Getty Images
SoftBank Group has staged one of its strongest market comebacks in recent years. On Friday, shares surged over 13%, hitting an all-time high and setting the company up for its best single-day performance in five years. The rally came on the back of a blowout earnings report and growing investor excitement around its aggressive artificial intelligence and tech-focused investments.
For the April to June quarter, SoftBank reported a net profit of ¥421.8 billion (about $2.87 billion), more than triple the consensus estimate of ¥127.6 billion. This marks the company’s second consecutive profitable quarter and a sharp turnaround from the ¥174.3 billion loss in the same period last year.
The dramatic improvement underscores a shift in strategy, with SoftBank capitalizing on AI, semiconductor, and digital platform investments that have rebounded sharply in value.
SoftBank’s Vision Funds — its flagship tech investment vehicles — saw their valuation jump by $4.8 billion in the quarter, the largest rise since mid-2021. Even after accounting for expenses, the segment posted a profit of ¥451.4 billion (~$2.9 billion), reversing losses from the previous year.
The gains were fueled by public holdings such as Grab, Swiggy, and Coupang, as well as AI-linked assets including Arm Holdings, Nvidia, TSMC, and ByteDance. Investment gains totaled nearly ¥727 billion (~$4.94 billion), with e-commerce and AI companies contributing significantly.
SoftBank’s AI focus is becoming more pronounced. The group has taken a leading role in a $40 billion funding round for OpenAI, committing $7.5 billion through Vision Fund 2, bringing its total stake to nearly $9.7 billion.
In parallel, SoftBank is pushing ahead with its $500 billion Stargate project, a massive data-center network aimed at supporting AI infrastructure worldwide. While timelines have shifted slightly, the initiative is still on track to become one of the largest AI-focused infrastructure rollouts in history.
Portfolio diversification remains a key strategy, with SoftBank holding multi-billion-dollar stakes in Nvidia, TSMC, and other AI semiconductor leaders. This, combined with a reduced loan-to-value ratio of just 17%, has strengthened its financial position.

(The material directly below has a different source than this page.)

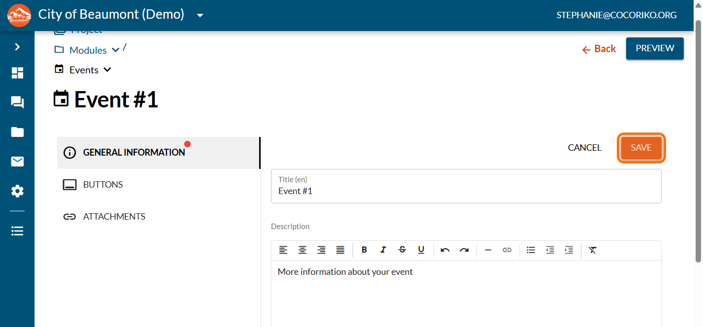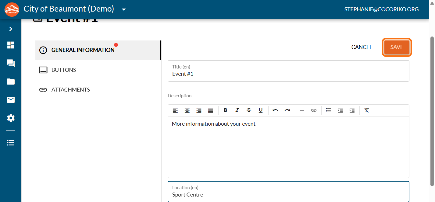 Click on "Published" if you want your event to show on the page
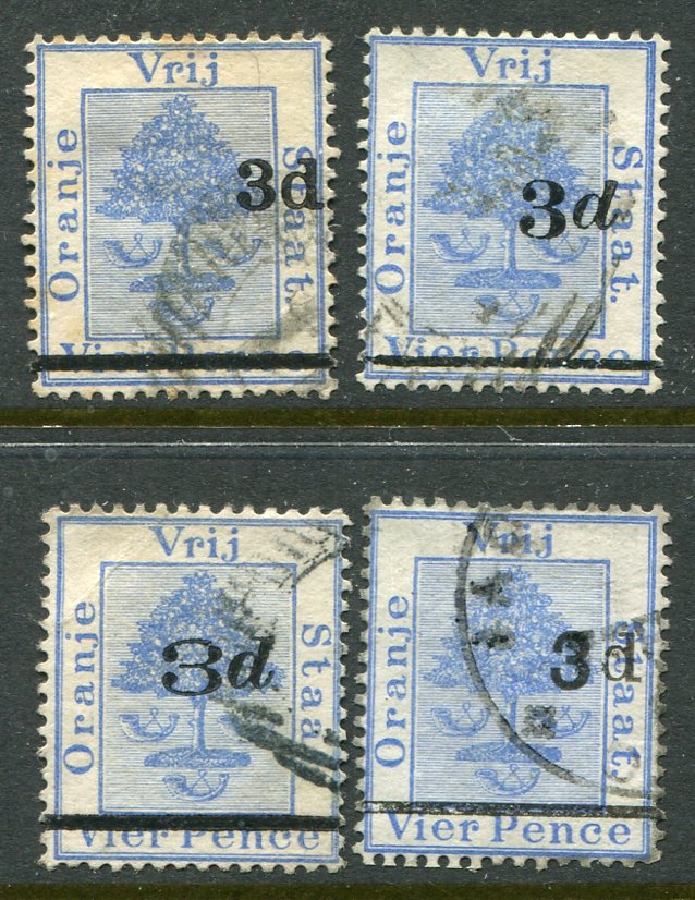 South Africa – Orange Free State: 1882. 3d. surcharged on 4d. ultramarine used types a, b, c and d. Sg. 38/41

Several SoftBank-backed companies are lining up to go public in the coming months. Indian eyewear retailer Lenskart has already filed its IPO papers, targeting to raise over 21.5 billion rupees (~$247 million) through fresh share issuance.
Other potential listings include Japanese mobile payments operator PayPay, Swedish fintech giant Klarna, and travel platform Klook. Analysts believe these IPOs could further boost SoftBank’s portfolio valuation and shareholder returns.

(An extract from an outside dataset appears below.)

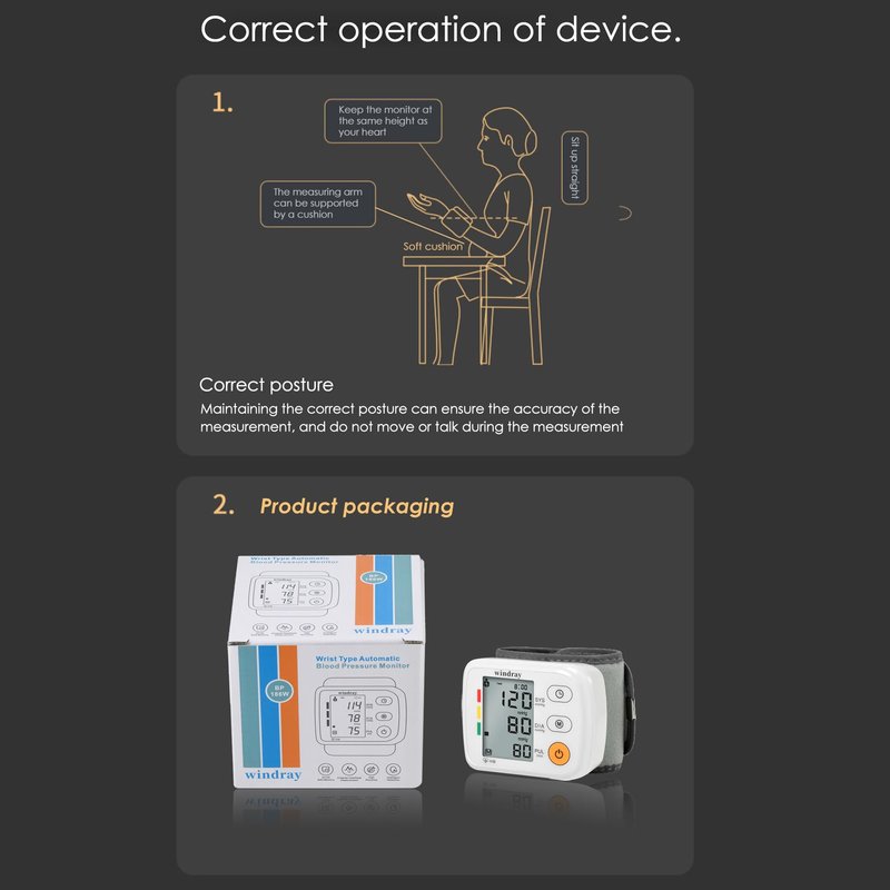 Wrist Blood Pressure Monitors Windray Automatic Digital BP Machine Accurate - Adjustable Cuff,Portable LCD Display 120 * 2 Readings Memory Function

Friday’s 13% leap in SoftBank shares not only set a record but also helped lift Japan’s broader stock market indices. The rally pushed the company’s share price close to ¥14,205, reinforcing investor belief in SoftBank’s growth trajectory.
Market analysts point to the combination of strong earnings, aggressive AI positioning, and an improving macroeconomic environment as the main drivers behind the rally. With AI adoption accelerating globally, SoftBank’s high-conviction bets are now seen as a competitive advantage rather than a high-risk gamble.
SoftBank’s resurgence signals a new phase for the company. Backed by strong earnings, a revitalized Vision Fund, and high-potential IPO candidates, the Japanese tech conglomerate is well-positioned to ride the global AI wave. If its current momentum holds, SoftBank could continue setting new records — both in the market and in the world of next-generation technology investments.